If you have a single caller process, then the on-wire limit config doesn't really matter if it's produce_sync used.

alotela commented 3 years ago

ok, I must precise : in my case, I have only one process calling produce() on a partition-producer, because I need messages ordering guaranty from my PG log to kafka partition. So no parallelism possible on a partition. So I think it is the same in my case for sync or async: I need to wait the ACK from kafka before sending a new request. The only difference seems to be that, in async, when the ack is received from kafka, the next batch is already ready in producer's queue/buffer.

But, now, I do not really well understand what is the difference between a batch I build myself, like this (your example):

brod:produce(
  _Client = brod_client_1,
  _Topic     = <<"brod-test-topic-1">>,
  _Partition = MyPartitionerFun,
  _Key       = KeyUsedForPartitioning,
  _Value     = [ #{key => "k1", value => "v1", headers => [{"foo", "bar"}]}, #{key => "k2", value => "v2"}
]).

and the notion of batch VS request VS " the actual batch sent to Kafka may include multiple calls" sent to kafka by brod partition-producer.
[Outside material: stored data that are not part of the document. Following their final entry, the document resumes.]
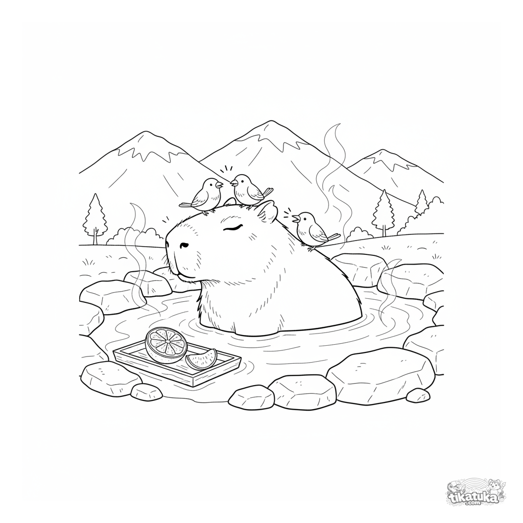 Ein Ausmalbild zum Thema Capybaras und Entspannung mit Detailgrad Mittel. Es passt für das Alter 4-6 Jahre, lässt sich gut zu Hause drucken und sofort online öffnen.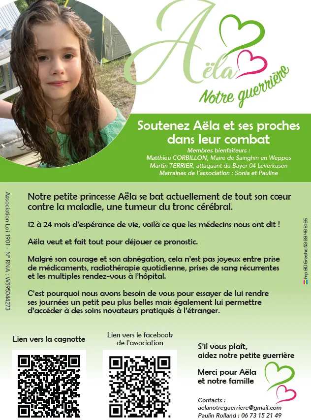 Les parents de la fillette et les bénévoles se mobilisent pour faire connaître leur combat. Un événement dédié à la lutte contre le cancer est d'ailleurs organisé ce week-end, les 12 et 13 octobre, à la salle du Manège à Halluin (Nord) par l’association In’Pact. Les bénéfices seront reversés à l’association "Aëla notre guerrière".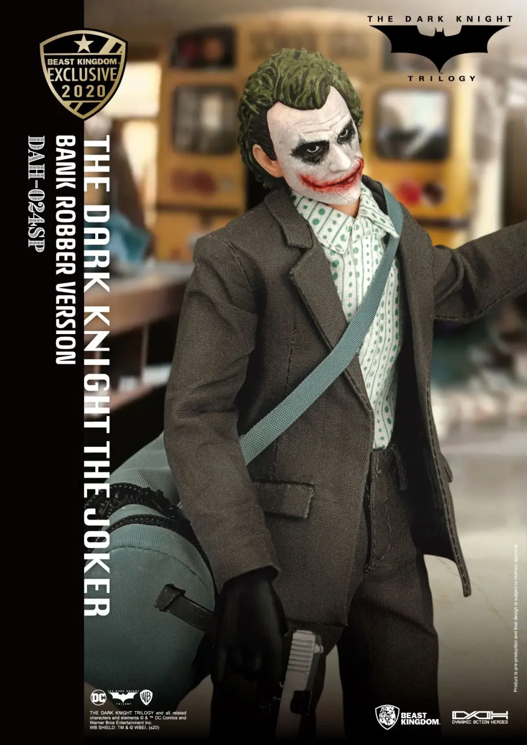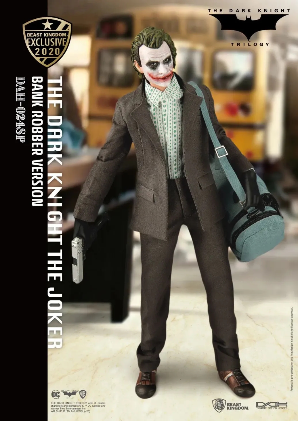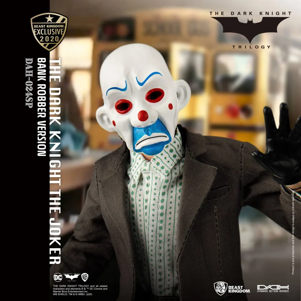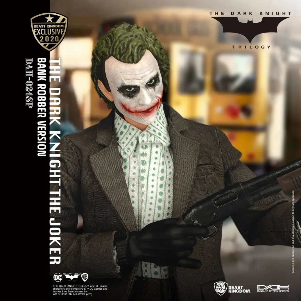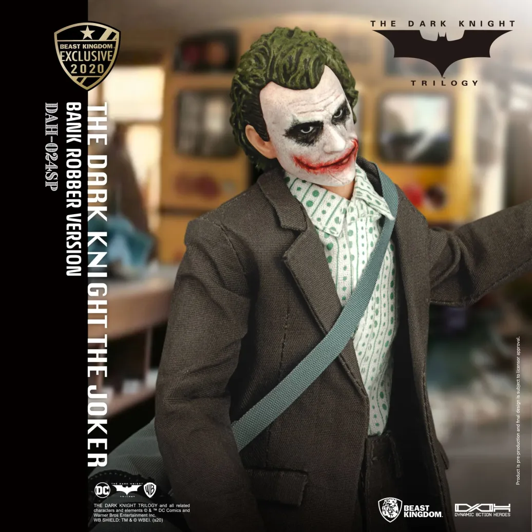 Zum DC Blockbuster Batman The Dark Knight kommt diese großartige The Joker Actionfigur im Maßstab 1:9 aus der Dynamic 8ction Heroes Serie von Beast Kingdom Toys. Sie ist ca. 21 cm groß und wird mit weiteren Austausch- und Zubehörteilen in einer bedruckten Box geliefert.

I understand that if I call multiple times produce() on a partition-producer with messages or batches, it will queue the messages and batches in its buffer, and then send in one request the whole buffer/queue ? (and this is also defined by the notion of max_linger_ms/max_linger_count). So it's like it "rebuild a batch" from my messages and batches stored in its queue/buffer ? And if so, why would I need to call produce() with a batch, I can call it for each messages ? It would be the same result ? But it is less fast ?

zmstone commented 3 years ago

I think the abusive use of the 'batch' term all over the code base an in this discussion is what causing the confusion. sorry about that. Say, caller provides in the API the msg-list. Producer builds up a backlog of msg-list:s to be sent, In each produce request, there is the batch of messages which is a list of msg-list:s flattened out, but not the entire backlog.

max_linger_ms and max_linger_count are to control the timing and seize of the next request to be sent.

alotela commented 3 years ago

ok, so to be pragmatic: 1/ caller produce a batch of messages [{"", value1}, {"", value2}] => producer queue is [{"", value1}, {"", value2}] 2/ caller produce a message value3 => producer queue is [{"", value1}, {"", value2}, value3] 3/ caller produce a batch of messages [{"", value4}, {"", value5}] => producer queue is [{"", value1}, {"", value2}, value3,{"", value4}, {"", value5}]

if max_linger_count = 4, the next request will send [{"", value1}, {"", value2}, value3,{"", value4}] to kafka and when it receives the ack if it is produce_sync or partition_onwire_limit = 1 ?

(again: thank you for your time...)

zmstone commented 3 years ago

My bad, was not quite accurate wrt max_linger configs, let me start over:

Producer keeps track of the size (bytes) of each call and produce requests have an upper limit in bytes max_batch_size.

If the total number of bytes in the entire backlog is less than max_batch_size, we call the backlog 'starving'. max_linger_xx configs are for a 'starving' backlog to wait for more calls. Since you have a single synced caller, the default value 0 should suit you just fine. i.e. the producer should always send immediately, no backlogging or buffering.

zmstone commented 3 years ago

1/ caller produce a batch of messages [{"", value1}, {"", value2}] => producer queue is [{"", value1}, {"", value2}]

Since you are a single caller and calls the sync API, the caller in this case is blocked until {ok, ...} or {error, ...} is returned, and the messages should have been deleted from producer's backlog/queue/buffer.